Depends entirely on your setup and span configuration.

Here are some examples of what I have experienced.

The sensor needs to see both the packets going from the client to the server (Machine A -> Machine B), as well as the responses from the server to the client (Machine B -> Machine A) in order to monitor correctly.

Where possible you want to prevent the duplication of packets.

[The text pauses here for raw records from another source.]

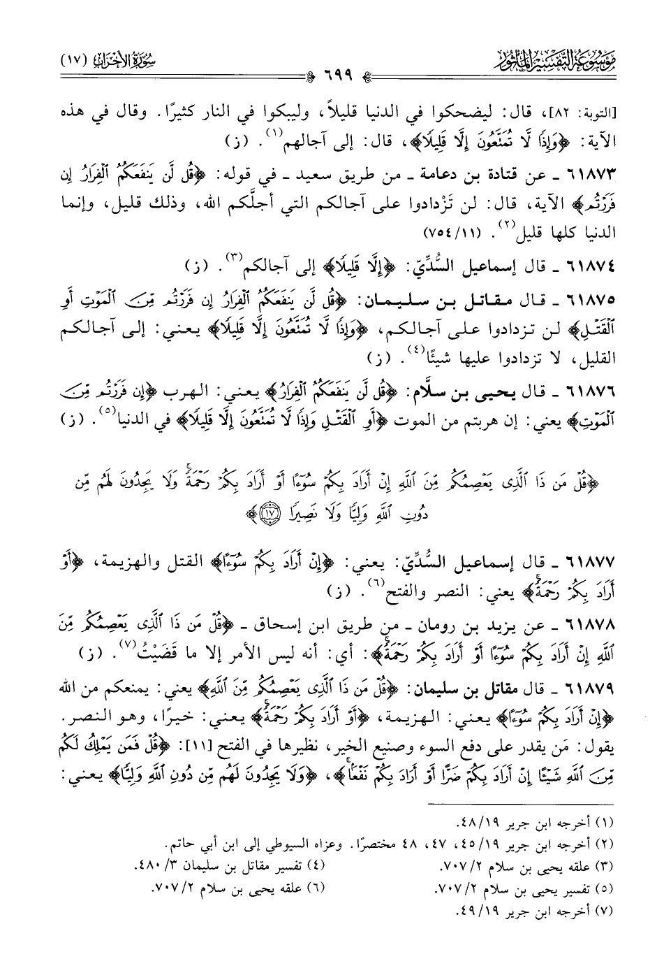(¬٥) تفسير يحيى بن سلام ٢/ ٧٠٧.
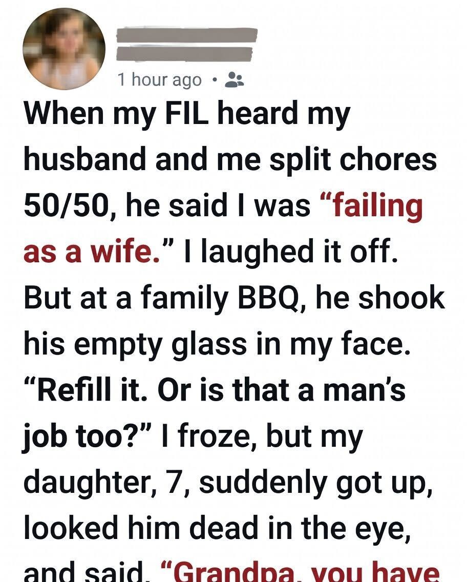 A Quiet Moment At A Family Barbecue Turns Into A Powerful Lesson When A Young Girl’s Simple Words About Fairness And Shared Responsibility Gently Challenge An Outdated Belief, Reminding Everyone Present That True Respect Isn’t Demanded Through Authority But Reflected Through Actions, Values, And The Example We Set For The Next Generation
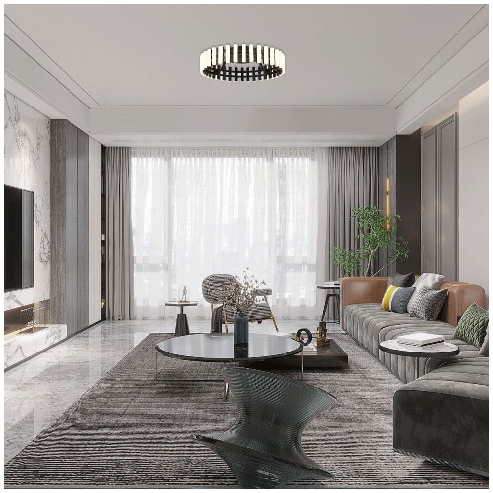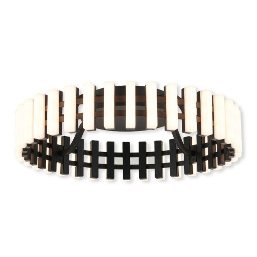 Fekete színű fém mennyezeti lámpa fehér műanyag betétes búrával, természetes fehér színhőmérsékletű beépített LED fényforrással.
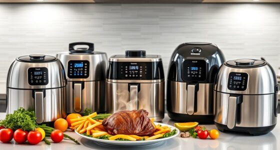 I’ve tested many air fryer breadcrumb mixes and found that options like Aleia’s Italian bread crumbs, Louisiana Fish Fry coatings, and Zatarain’s seasoned mixes give me crispy, flavorful results every time. They’re versatile for chicken, fish, vegetables, and more, with some offering gluten-free or seasoned options. Proper coating and cooking time are key, but choosing the right mix really makes a difference. If you want to discover the top picks and application tips, keep exploring further.
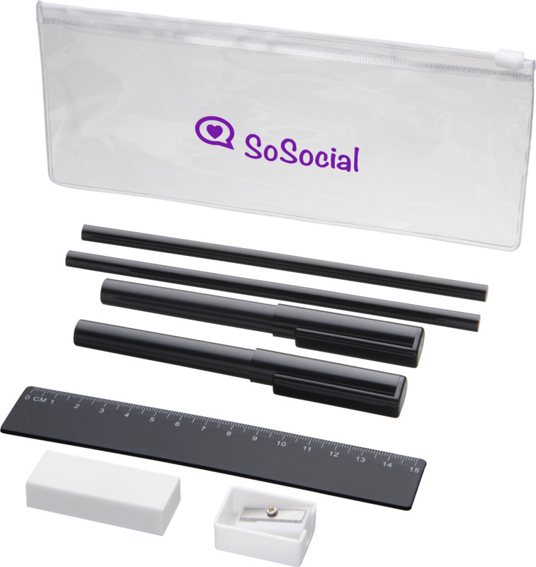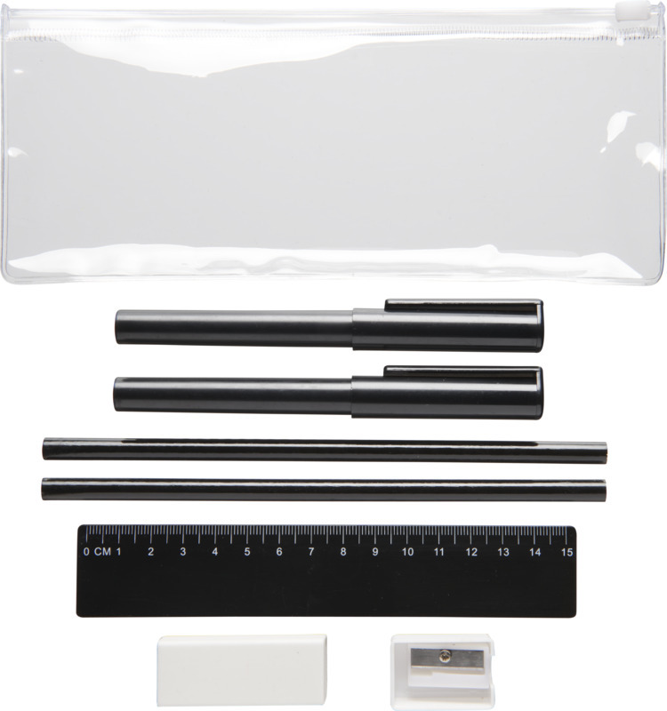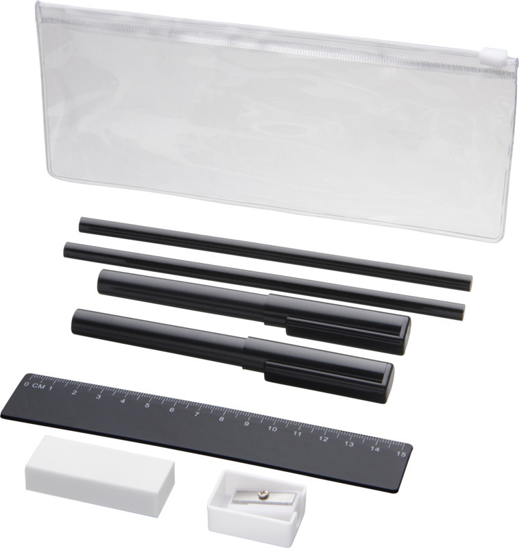 Пенал из ПВХ с 2 шариковыми ручками (1 с черными чернилами, другая с синими), 2 карандаша, линейка, точилка и ластик. Пластик ABS, Пластик AS, Пластик PS.
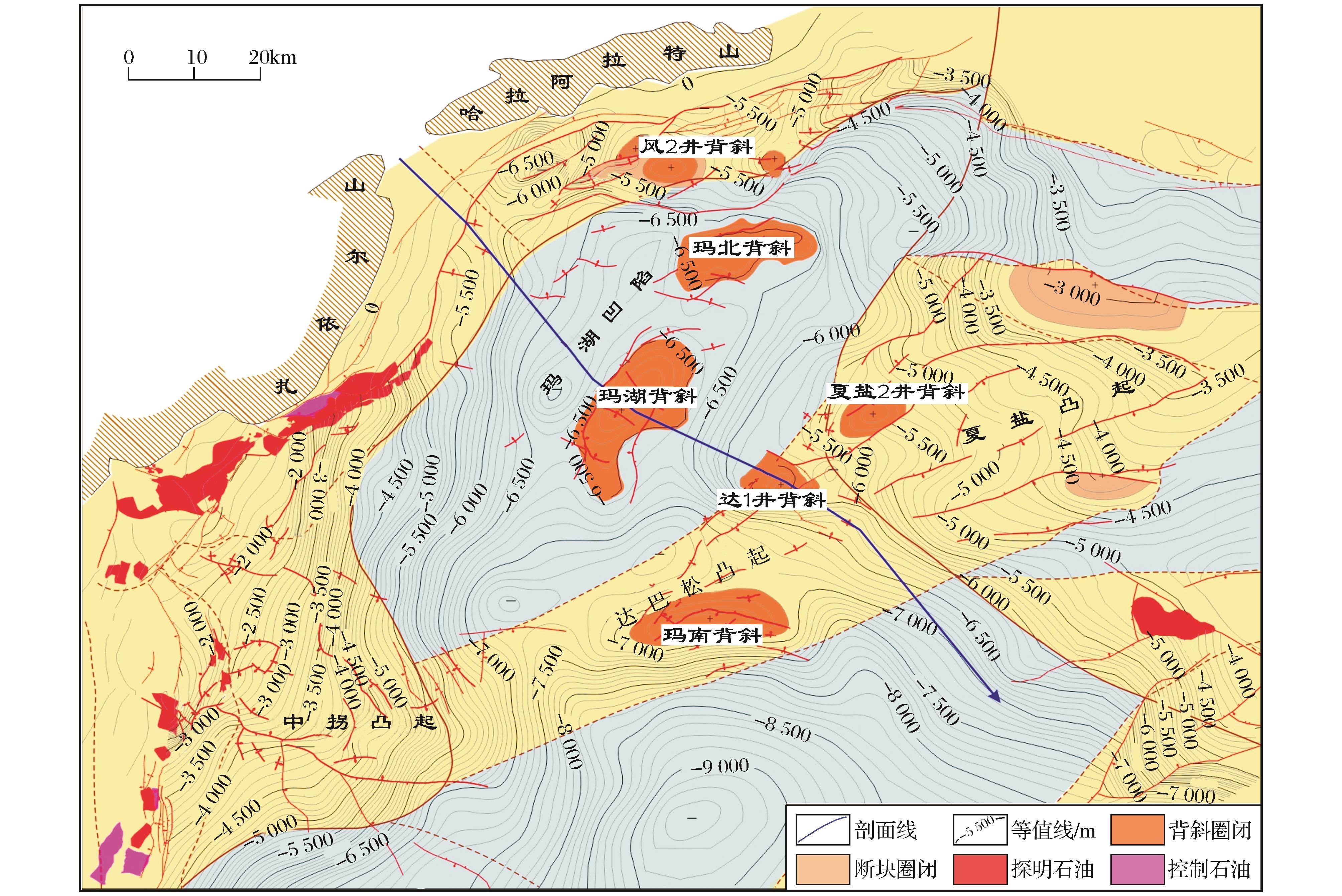 木河组、风城组有零星的火山喷发活动,风城组局部地区发育云质岩。石炭系、佳木河组、风城组之间都发育角度不整合,普遍经历了10Ma以上的风化作用,从准噶尔盆地石炭系火山岩、塔里木盆地奥陶系、四川盆地震旦系、鄂尔多斯盆地下古生界碳酸盐岩的勘探经验表明,在风化淋滤和断裂的作用下,火山岩、云质岩等特殊储层在6 000m以深仍可存在较高的孔隙度和渗透率。 围绕玛湖凹陷落实了一批构造,包括背斜圈闭和断块、断鼻及断层—地层圈闭,圈闭埋深在5 800~6 800m之间,主要围绕2个构造带发育,分别为乌尔禾—玛湖构造带和中拐—达巴松—夏盐构造带。夏子街—玛湖构造带包括风2井背斜、玛北背斜、玛湖背斜,中拐—达巴松—夏盐构造带包括夏盐2井背斜、达1井背斜和玛南背斜(图1)。这些深层的构造圈闭从石炭系开始继承性发育,背斜、断背斜隆起幅度高,形态清楚,尤其在主成藏期,构造幅度明显高于周边的凹陷(图2)。图2 达1井背斜、玛湖背斜主成藏期侏罗系沉积前地震剖面(剖面位置见图1)
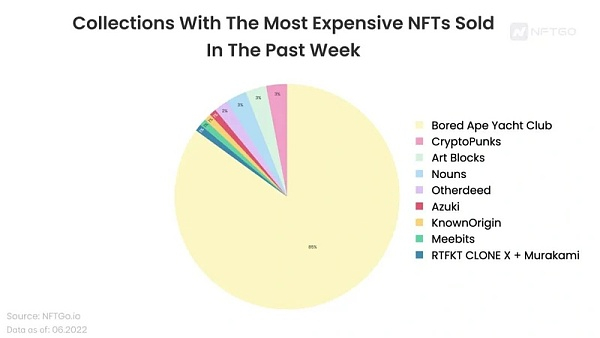 可以看出 BAYC 在 NFT 交易榜中是占比最大的。在过去一周中,超过 85% 的高价交易都来自 BAYC。排在 BAYC 之后的是 CryptoPunks,约占总数的 3%。BAYC 占据主导地位对其自身来说既是看跌也看涨。

NOTE: A vlan span is technically a port span of all ports in the vlan. So even though you configure it as a Vlan span you need to think of it as a port span. That is whay I base the results off of ports in my example below.

BASIC SETUP:

Machine A --->port 4/1 Switch Vlan 10 port 5/1 -----> Machine B

A both (tx+rx) span of vlan 10 will result in duplicate packets:

A->B packets will be captured as rx packets on 4/1 and tx packets on 5/1

B->A packets will be captured as rx packets on 5/1 and tx packets on 4/1

A rx span of vlan 10 will result in a single copy of each packet:

A->B packets will be captured as rx packets on 4/1

B->A packets will be captured as tx packets on 5/1

A tx span of vlan 10 will result in a single copy of each packet:

A->B packets will be captured as tx packets on 5/1

B->A packets will be captured as tx packets on 4/1

A both span of both ports 4/1 and 5/1 will result in duplicate packets:

A->B packets will be captured as rx packets on 4/1 and tx packets on 5/1

B->A packets will be captured as rx packets on 5/1 and tx packets on 4/1

A rx span of both ports 4/1 and 5/1 will result single copy of each packet:

A->B packets will be captured as rx packets on 4/1

B->A packets will be captured as rx packets on 5/1

A tx span of both ports 4/1 and 5/1 will result in single copy of each packet:

A->B packets will be captured as tx packets on 5/1

B->A packets will be captured as tx packets on 4/1

A both (tx+rx) span of just port 4/1 will result in a single copy of each packet:

A->B packets will be captured as rx packets on 4/1

B->A packets will be captured as tx packets on 4/1

MSFC ROUTING SETUP:

Machine A --->port 4/1 Switch Vlan 10 --> MSFC --> vlan 20 port 5/1 -----> Machine B

The MSFC changes things because it does not always participate in span sessions. The first few packets in a stream will go to the MSFC port and might be picked up by span, but additional packets in the stream will be fast switched (routed in sup hardware and not sent to MSFC in order to increase routing performance) so a span against the MSFC port won't see them. This is because even a vlan span is a span of the ports, so with the MSFC the initial packets going to the MSFC may be spanned, but fastswitched packets don't go to the MSFC port so must be spanned on the other ports.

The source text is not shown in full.